Депутат Коммуны Варлен прервал его:

— Коммуна позаботится о вас. Вы получите работу. Её хватит для всех.

Андре доставили домой верстак, и столяр выполнял заказы рабочего правительства.

Проводив Клода, Андре оживился и пришёл в хорошее расположение духа.

— Не тужи, Дениза, — сказал он жене. — Пока среди рабочих не перевелись такие пареньки, как этот юный коммунар, врагам нашим не праздновать победы!

— Страшно мне! — только и произнесла Дениза в ответ.

Она не переставала думать о том, какая опасность грозит её семье.

Снова тень озабоченности набежала на лицо Андре:

— Надо нам с тобой договориться, как будем отвечать, если нагрянут жандармы. А они могут прийти по следам Клода и… Соседи у нас как будто неплохие, но, если их начнут допрашивать, кто поручится, что они не расскажут всё, что знают? Станет известно, что к нам приносили раненых, что ты оказывала им помощь. Как ты на это ответишь? Надо быть ко всему готовыми.

— Давай притворимся дурачками-простачка-ми, — предложила Дениза. — Ничего-де мы не знаем, коммунарам не помогали…

Дениза хотела ещё что-то сказать, но вдруг умолкла, глядя на дочь.

Жанетта не понимала, о чём говорили родители, но, видя их волнение, насупилась, скривила рот и уже готовилась зареветь во весь голос.

Денизе не терпелось докончить разговор с мужем, и она решила чем-нибудь занять девочку.

— Детка, — сказала она, — посмотри-ка: твоя Жакелина нахмурилась. Она хочет погулять и поиграть в песочек.

Жанетта перевела глаза с матери на куклу и тотчас убедилась, что Жакелина и в самом деле скучает. Девочка засеменила к ней маленькими ногами, взяла куклу на руки, прижалась к ней лицом и забормотала, подражая голосу матери:

— Будь умницей, не плачь, Жакелина! Сейчас пойдём гулять.

Для Жанетты не было существа краше, чем потрёпанная, старая кукла Жакелина. От частого мытья потускнели краски на щеках и на губах, парик на голове поредел и волосы спутались. Зато она была большая, ростом почти с Жанетту. Когда девочка держала её на руках, ноги куклы волочились по земле.

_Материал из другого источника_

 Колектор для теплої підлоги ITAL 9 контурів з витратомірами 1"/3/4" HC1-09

И эту замусоленную, завёрнутую в тряпки куклу Жанетта прижимала к груди и целовала, как целовала и обнимала свою дочь Дениза.

Девочка уложила Жакелину в корзинку и пошла с ней по двору. Здесь она постояла с минуту в нерешительности, выбирая место, где кукле было бы особенно привольно.

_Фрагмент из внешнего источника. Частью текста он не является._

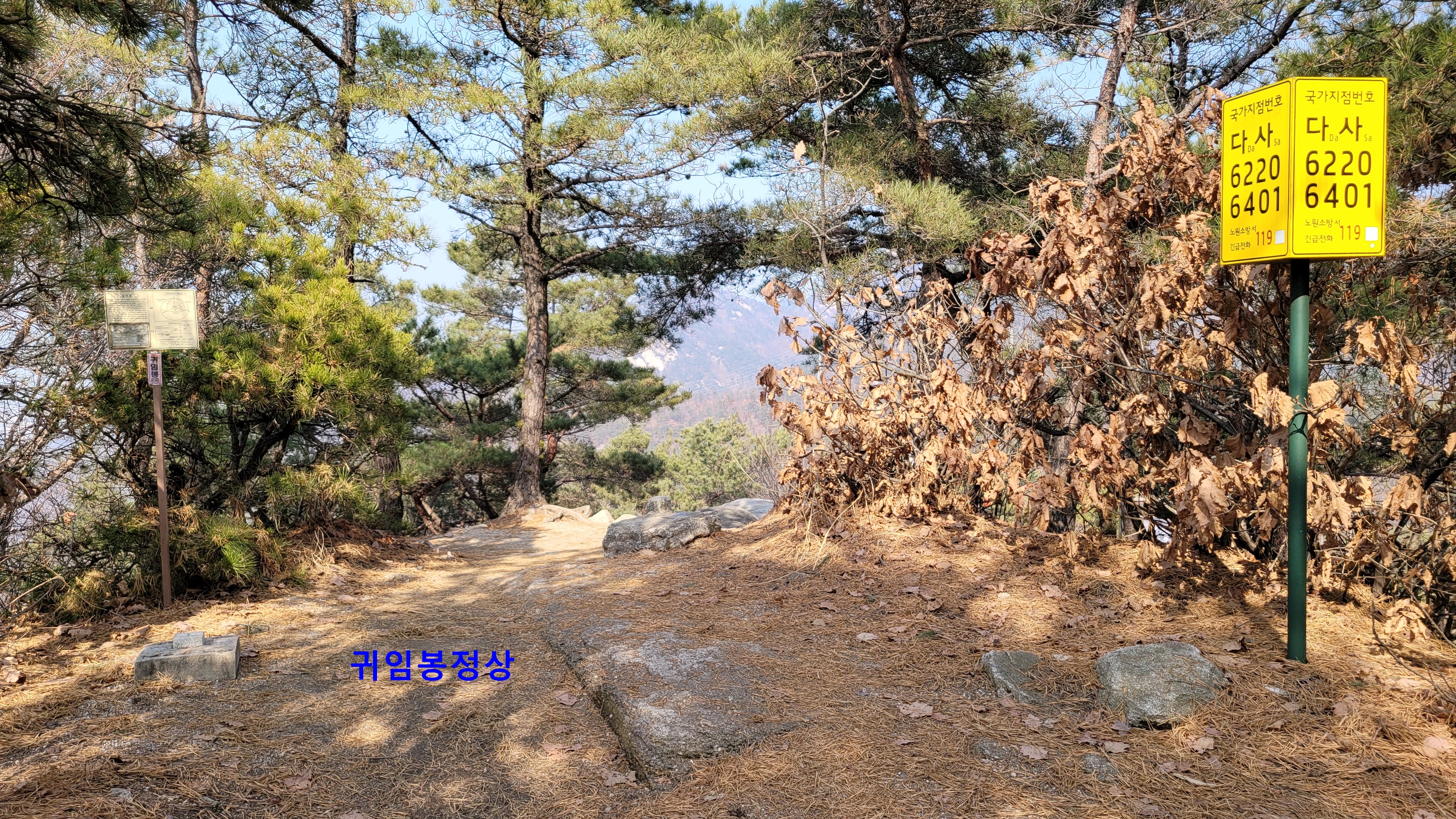 횡단보도 건너 우측 유리터널옆 계단을 올라가면 귀임봉으로 가는 능선 초임이다.

Зелёная травка с редкими жёлтыми одуванчиками около сарая больше всего понравилась девочке. Туда она и направила свои шаги.

Можно ли было найти более мягкую и душистую постель! Опустившись на траву, Жанетта вынула Жакелину из корзинки и уложила среди цветов.

— Отчего ты не спишь? — спросила она недовольным тоном, наклонившись над Жакелиной. — Перестань разговаривать, спи! — и запела колыбельную, похлопывая куклу по плечу.

Но кукла не хотела закрывать глаза.

— У тебя болит головка? — озабоченно осведомилась девочка.

Жакелина ничего не ответила, и Жанетта решила, что, как ни удобна зелёная постель, надо что-нибудь подложить кукле под голову. Она стала озираться по сторонам, выглядывая, не найдётся ли из чего сделать подушку. Её взгляд остановился на куче стружек. Девочка перенесла куклу поближе к ним и стала неторопливо устраивать для неё высокую постель и подушку из стружек.

Прошло около двух часов с тех пор, как ушёл Клод. Семья Грио собиралась обедать. Дениза подала горячий, дымящийся картофель, но ни мужу, ни жене пища не шла в горло. Грохот ружейных выстрелов то и дело доносился с улицы, напоминая о жестокой расправе с коммунарами.

Оба Грио молчали. Слышалось только щебетание Жанетты. Погружённая в раздумье, Дениза не замечала, как девочка выбирает из миски самые большие картофелины и засовывает их в рот. Наконец Жанетта, не спуская глаз с матери, отнесла картофелину своей кукле. Ни мать, ни отец и тут не обратили на неё никакого внимания.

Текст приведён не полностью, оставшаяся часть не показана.